# Task statement
Nothing may be left out of the listing below but its images; repeat the rest exactly.

# Data in this exercise
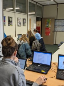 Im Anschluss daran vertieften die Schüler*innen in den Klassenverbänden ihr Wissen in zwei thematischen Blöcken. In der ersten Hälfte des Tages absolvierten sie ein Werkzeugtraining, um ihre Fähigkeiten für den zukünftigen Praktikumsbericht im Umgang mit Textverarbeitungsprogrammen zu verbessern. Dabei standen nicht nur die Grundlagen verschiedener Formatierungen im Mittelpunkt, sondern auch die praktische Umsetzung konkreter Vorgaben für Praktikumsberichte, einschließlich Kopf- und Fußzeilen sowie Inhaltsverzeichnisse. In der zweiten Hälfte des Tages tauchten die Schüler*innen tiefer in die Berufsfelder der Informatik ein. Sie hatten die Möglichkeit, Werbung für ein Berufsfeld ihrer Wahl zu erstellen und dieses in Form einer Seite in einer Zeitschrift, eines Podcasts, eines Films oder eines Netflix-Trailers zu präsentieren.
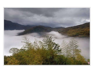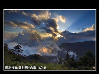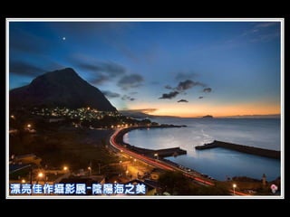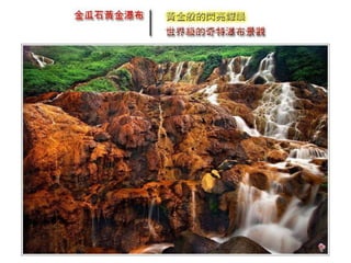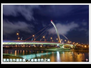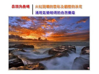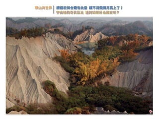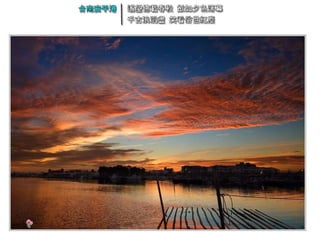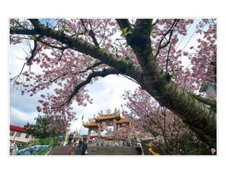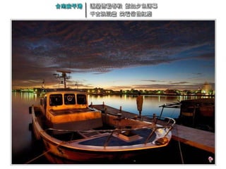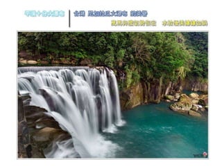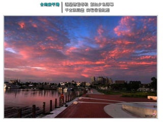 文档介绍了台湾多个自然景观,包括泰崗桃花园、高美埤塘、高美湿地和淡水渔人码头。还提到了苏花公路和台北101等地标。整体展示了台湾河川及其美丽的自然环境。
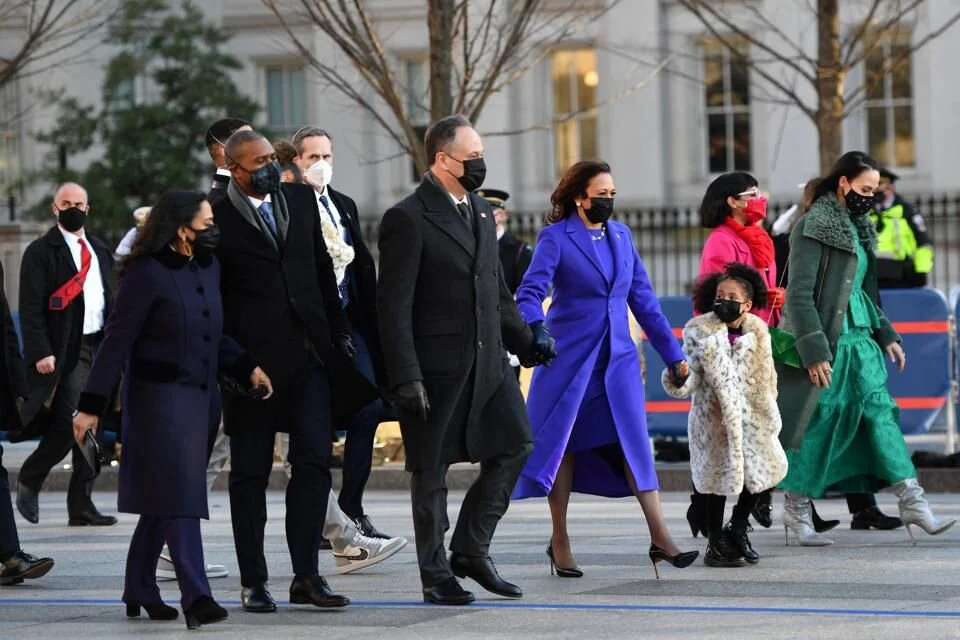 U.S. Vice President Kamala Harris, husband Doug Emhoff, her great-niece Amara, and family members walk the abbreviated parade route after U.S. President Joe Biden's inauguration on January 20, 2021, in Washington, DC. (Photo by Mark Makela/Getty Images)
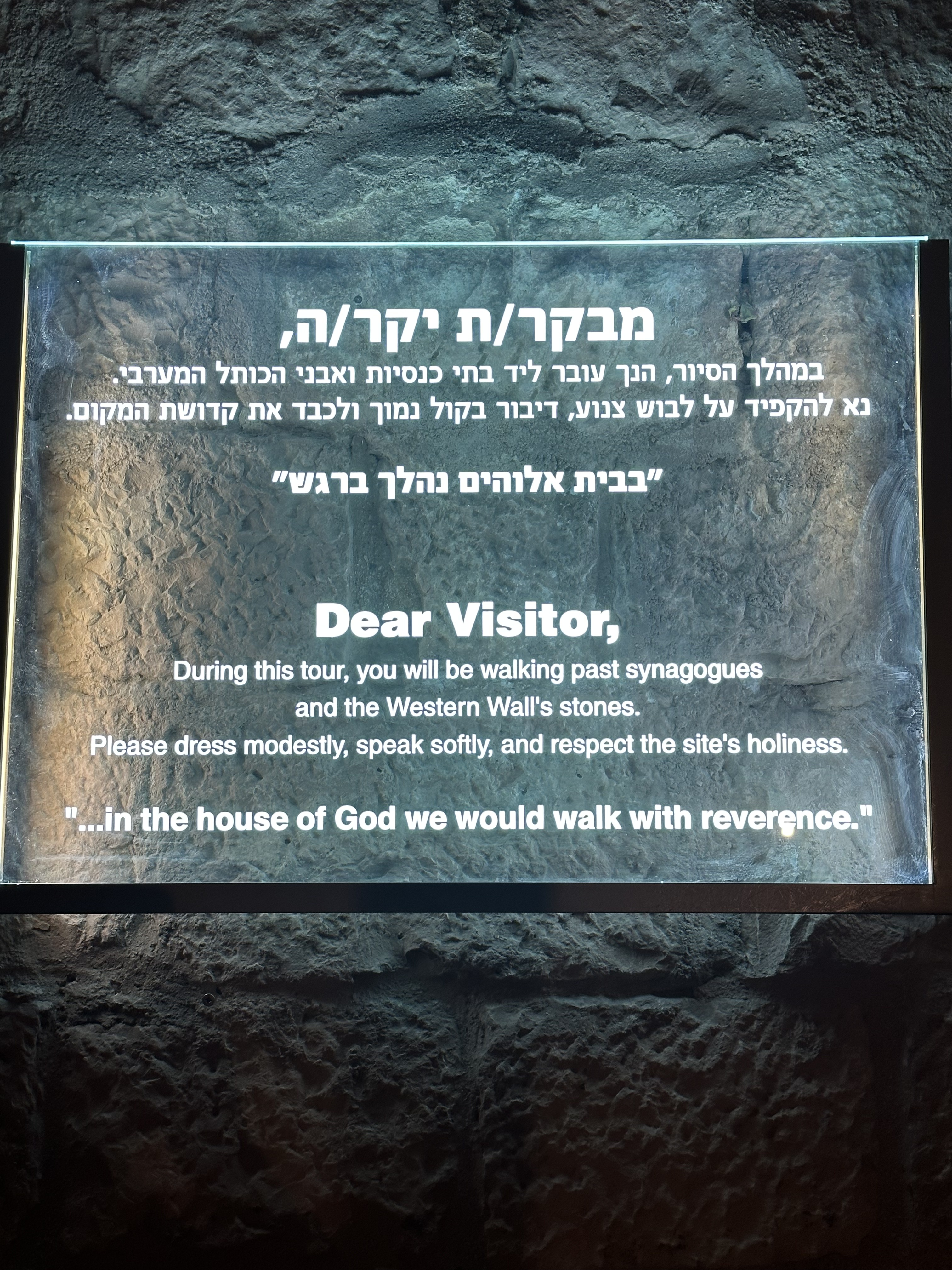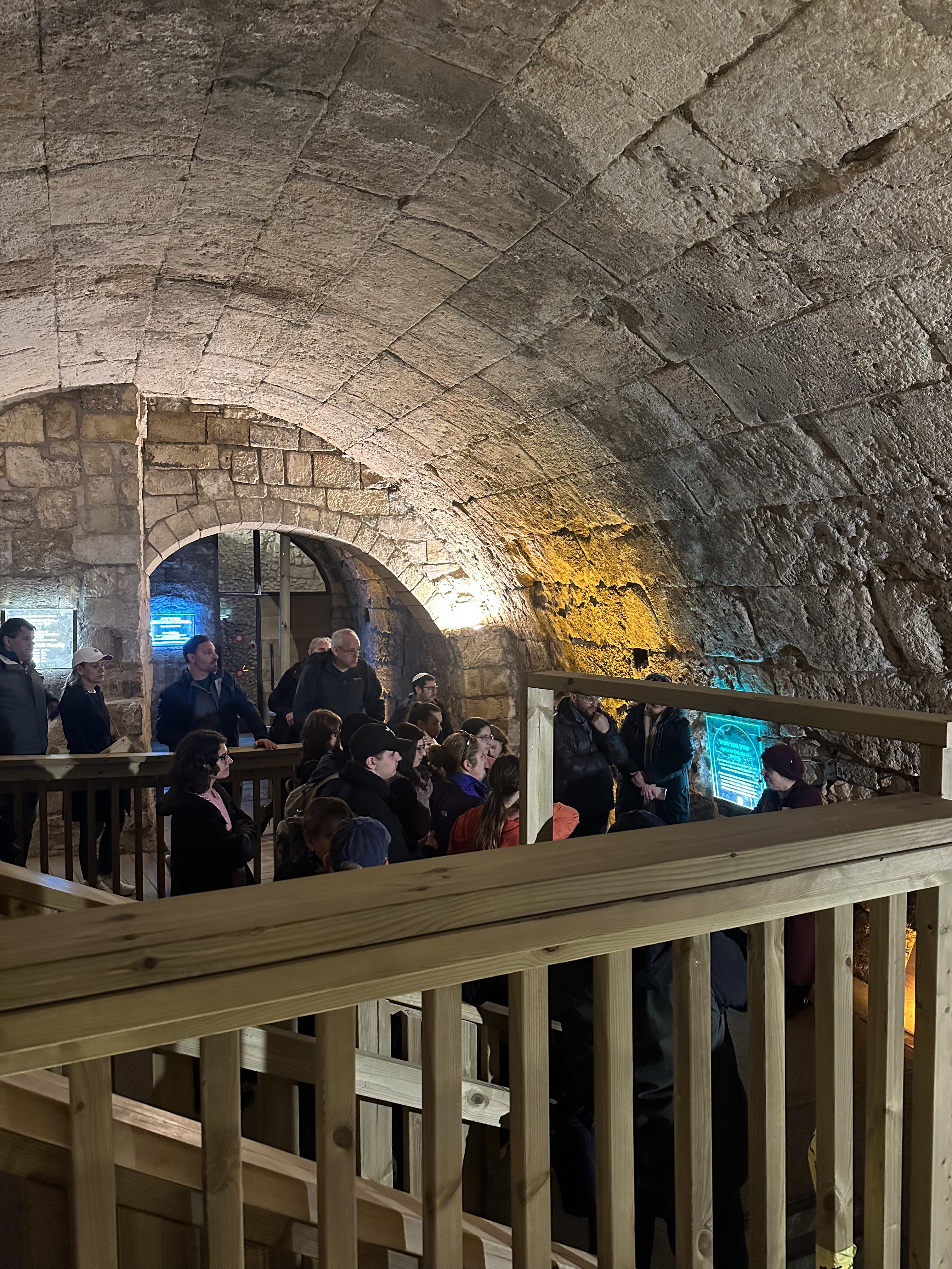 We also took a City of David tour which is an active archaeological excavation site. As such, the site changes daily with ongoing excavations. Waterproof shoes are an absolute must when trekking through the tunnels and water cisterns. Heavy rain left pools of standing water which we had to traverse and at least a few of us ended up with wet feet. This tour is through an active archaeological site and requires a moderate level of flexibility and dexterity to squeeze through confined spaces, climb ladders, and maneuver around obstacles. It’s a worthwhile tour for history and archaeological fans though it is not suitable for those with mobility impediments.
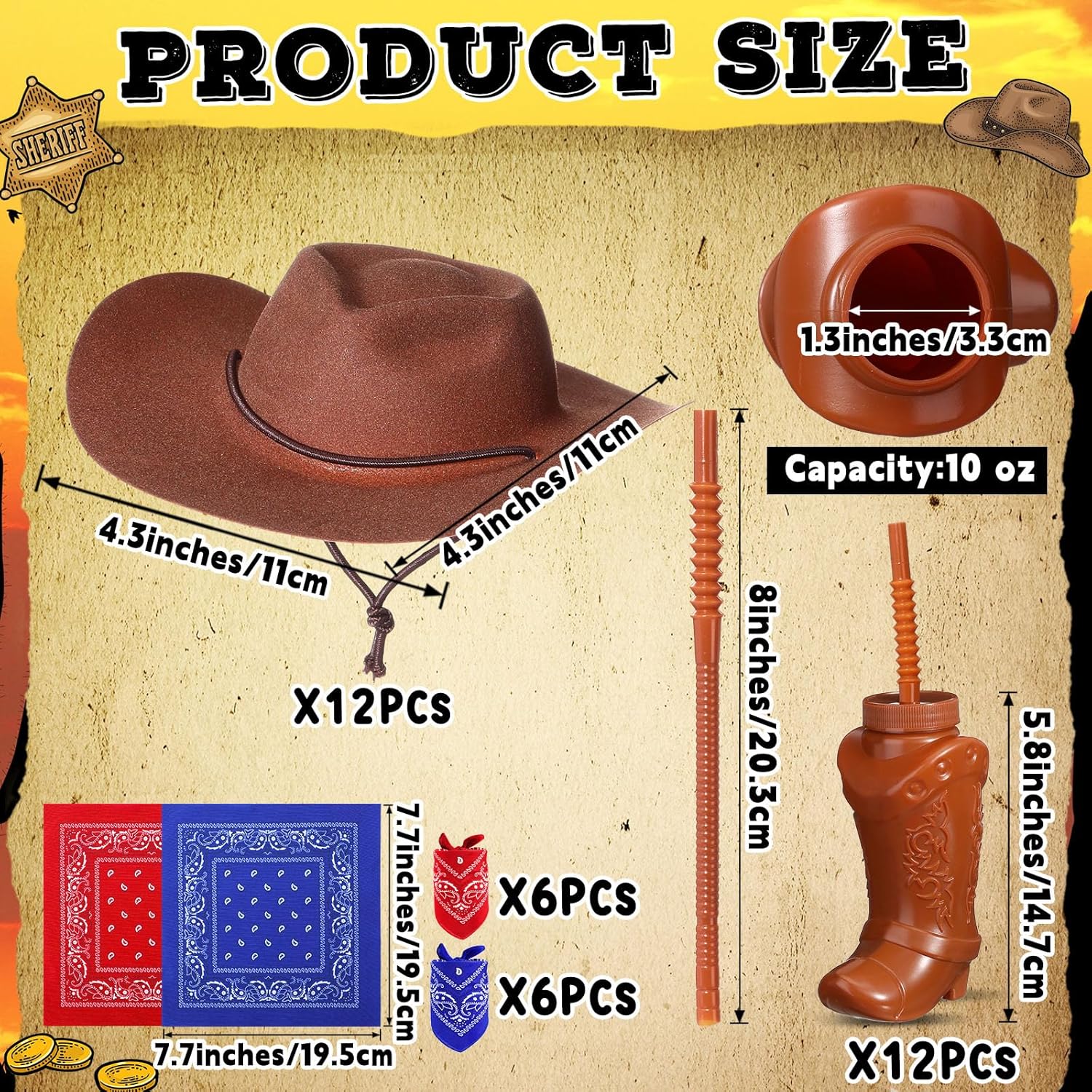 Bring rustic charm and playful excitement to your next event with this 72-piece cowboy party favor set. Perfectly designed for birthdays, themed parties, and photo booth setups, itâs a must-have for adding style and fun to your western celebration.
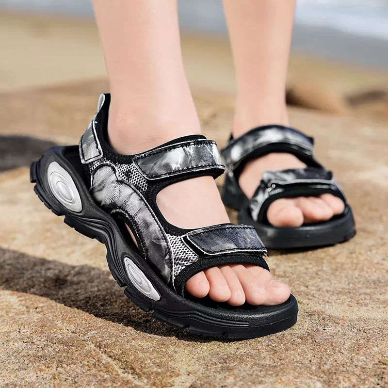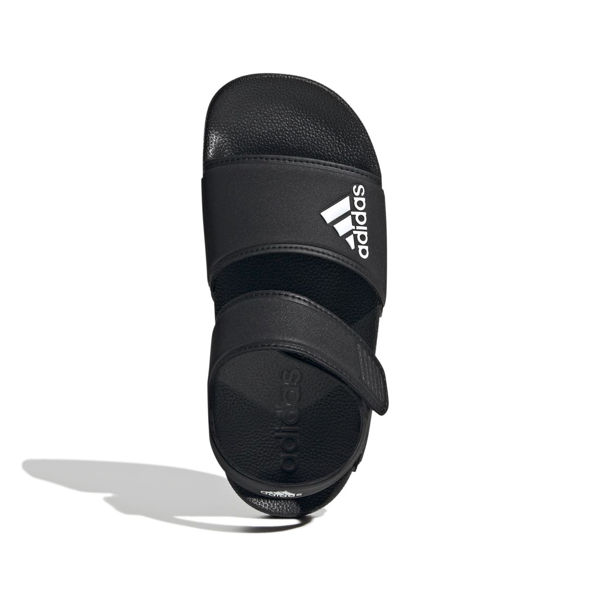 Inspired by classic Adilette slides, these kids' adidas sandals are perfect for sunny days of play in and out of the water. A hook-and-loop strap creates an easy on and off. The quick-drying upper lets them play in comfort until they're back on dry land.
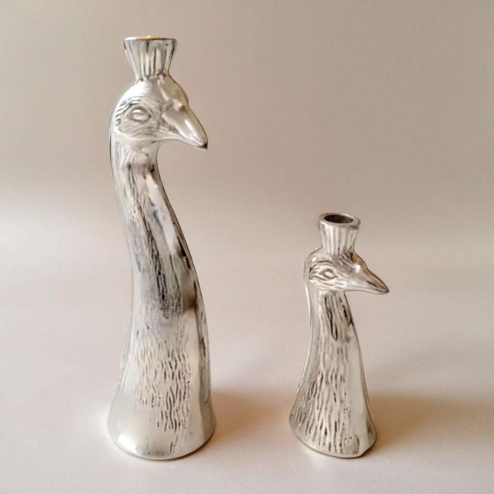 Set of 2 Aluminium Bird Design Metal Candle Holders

# Response area
 Im Anschluss daran vertieften die Schüler*innen in den Klassenverbänden ihr Wissen in zwei thematischen Blöcken. In der ersten Hälfte des Tages absolvierten sie ein Werkzeugtraining, um ihre Fähigkeiten für den zukünftigen Praktikumsbericht im Umgang mit Textverarbeitungsprogrammen zu verbessern. Dabei standen nicht nur die Grundlagen verschiedener Formatierungen im Mittelpunkt, sondern auch die praktische Umsetzung konkreter Vorgaben für Praktikumsberichte, einschließlich Kopf- und Fußzeilen sowie Inhaltsverzeichnisse. In der zweiten Hälfte des Tages tauchten die Schüler*innen tiefer in die Berufsfelder der Informatik ein. Sie hatten die Möglichkeit, Werbung für ein Berufsfeld ihrer Wahl zu erstellen und dieses in Form einer Seite in einer Zeitschrift, eines Podcasts, eines Films oder eines Netflix-Trailers zu präsentieren.
 文档介绍了台湾多个自然景观,包括泰崗桃花园、高美埤塘、高美湿地和淡水渔人码头。还提到了苏花公路和台北101等地标。整体展示了台湾河川及其美丽的自然环境。
 U.S. Vice President Kamala Harris, husband Doug Emhoff, her great-niece Amara, and family members walk the abbreviated parade route after U.S. President Joe Biden's inauguration on January 20, 2021, in Washington, DC. (Photo by Mark Makela/Getty Images)
 We also took a City of David tour which is an active archaeological excavation site. As such, the site changes daily with ongoing excavations. Waterproof shoes are an absolute must when trekking through the tunnels and water cisterns. Heavy rain left pools of standing water which we had to traverse and at least a few of us ended up with wet feet. This tour is through an active archaeological site and requires a moderate level of flexibility and dexterity to squeeze through confined spaces, climb ladders, and maneuver around obstacles. It’s a worthwhile tour for history and archaeological fans though it is not suitable for those with mobility impediments.
 Bring rustic charm and playful excitement to your next event with this 72-piece cowboy party favor set. Perfectly designed for birthdays, themed parties, and photo booth setups, itâs a must-have for adding style and fun to your western celebration.
 Inspired by classic Adilette slides, these kids' adidas sandals are perfect for sunny days of play in and out of the water. A hook-and-loop strap creates an easy on and off. The quick-drying upper lets them play in comfort until they're back on dry land.
 Set of 2 Aluminium Bird Design Metal Candle Holders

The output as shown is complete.